Search code examples
pythontensorflowword-embeddingelmo

Calculate cosine similarity for elmo model


I am trying to calculate the cosine similarity of wordsim set using the Elmo model. This may not make sense since it is designed for sentence word embedding, but I want to see how the model performs in the situations like these. The Elmo I am using is from:

https://tfhub.dev/google/elmo/3

If I run the following code (it is modified from the documentation page to comply with TF 2.0), it will generate the tensor representation of the word.

import tensorflow_hub as hub
import tensorflow as tf


elmo = hub.load("https://tfhub.dev/google/elmo/3")
tensor_of_strings = tf.constant(["Gray",
                                 "Quick",
                                 "Lazy"])
elmo.signatures['default'](tensor_of_strings)

If I try to calculate cosine similarity directly I will get the error, NotImplementedError: Cannot convert a symbolic Tensor (strided_slice_59:0) to a numpy array. This error may indicate that you're trying to pass a Tensor to a NumPy call, which is not supported . I am not sure how to convert the Tensor to the numpy array directly, or is there a better evaluator for tensors instead of cosine similarity?

Edit: This is what I did for calculate cosine similarity

def cos_sim(a, b):
    return np.inner(a, b) / (np.linalg.norm(a) * (np.linalg.norm(b)))

print("ELMo:", cos_sim(elmo.signatures['default'](tensor_of_strings)['word_emb'][0], elmo.signatures['default'](tensor_of_strings)['word_emb'][1]))

Solution

  • In this thread here: NotImplementedError: Cannot convert a symbolic Tensor (lstm_2/strided_slice:0) to a numpy array.
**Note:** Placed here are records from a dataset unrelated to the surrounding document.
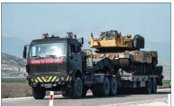
عواصم-وكالات: اليوم الرابع عشر على التوالي، يستمر الجيش التركي بمساندة من فصائل المعارضة السورية المسلحة المدعومة من أنقرة، عملياته العسكرية في عفرين السورية ضد المسلحين الأكراد. وكان الجيش التركي أصدر بياناً قال فيه إن طائراته دمّرت في الساعات الأخيرة 14 هدفاً للمسلحين، معلناً مقتل 21 إرهابياً. وأعلنت القوات المسلحة التركية، الخميس، أن عدد الإرهابيين الذين تم القضاء منذ بدء العملية في عفرين، وصل إلى 811. وتقول أنقرة إن العملية العسكرية في عفرين تستهدف أيضاً مسلحي داعش، فيما تنفي وحدات حماية الشعب الكردية وجود التنظيم في المنطقة. وقالت مصادر تركية إن المسلحين الأكراد في عفرين أطلقوا عدداً من الصواريخ على مدينتي هاتاي وكيليس التركيتين الحدوديتين، إيطاليا وأصاب أحدهما معلماً تاريخياً وسط كيليس مما أوقع

عواصم-وكالات: سقط عشرات المدنيين بين قتيل وجريح، امس الجمعة، في غارات للنظام السوري على مدن وبلدات حرستا وعربين في الغوطة الشرقية بريف دمشق، وفق ما أكد مركز الدفاع المدني في الغوطة لسكاي نيوز عربية. وتأتي الغارات بالتزامن مع قصف صاروخي ومدفعي مكثف على بلدات دوما وكفرطينا وحمورية وعدة مناطق في الغوطة الشرقية الدولية إن نقص الأسلحة. والأغذية والأدوية يساهم في أسوأ موجة سوء تغذية جراء الحرب التي اندلعت قبل 7 سنوات. الى ذلك، أعلنت إدارة الرئيس الأميركي، دونالد ترامب، أن حكومة الرئيس السوري بشار الأسد ربما تكون تطور أسلحة كيميائية جديدة أكثر تطوراً،
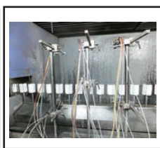
（スピンドル塗装ライン）
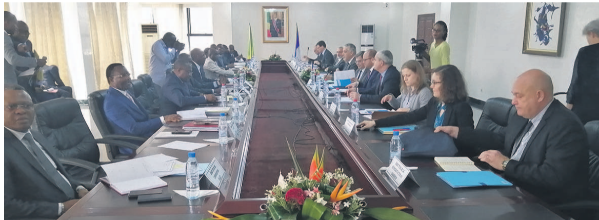
Séance de travail entre les deux délégations.

La cinquième réunion du comité de suivi de l'accord relatif à la gestion des flux migratoires et au co-développement signé le 25 octobre 2007, entre le gouvernement congolais et la France s'est tenue le 27 février à Brazzaville, dans les locaux du ministère des Affaires étrangères, de la Coopération et des Congolais de l'étranger.
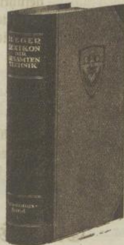
Einband B: In Halbleder-Ausführung • Einband C: In Halbleinen-Ausführung

Deutsche Verlags-Anstalt / Stuttgart, Leipzig, Berlin
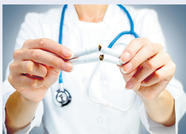
Program profilaktyki chorób odtytoniowych

T. The solution is to change the numpy version (1.19.5 perhaps would be a suitable version).

    I think it would be important to provide all the versions of (Python + TensorFlow + NumPy).

    Also, like @Edwin Cheong mentioned in the comment it is likely you mingled numpy and Tensorflow code in the loss function. It would be also important to provide us that information, here the issue was the loss function computation/creation: NotImplementedError: Cannot convert a symbolic Tensor (2nd_target:0) to a numpy array.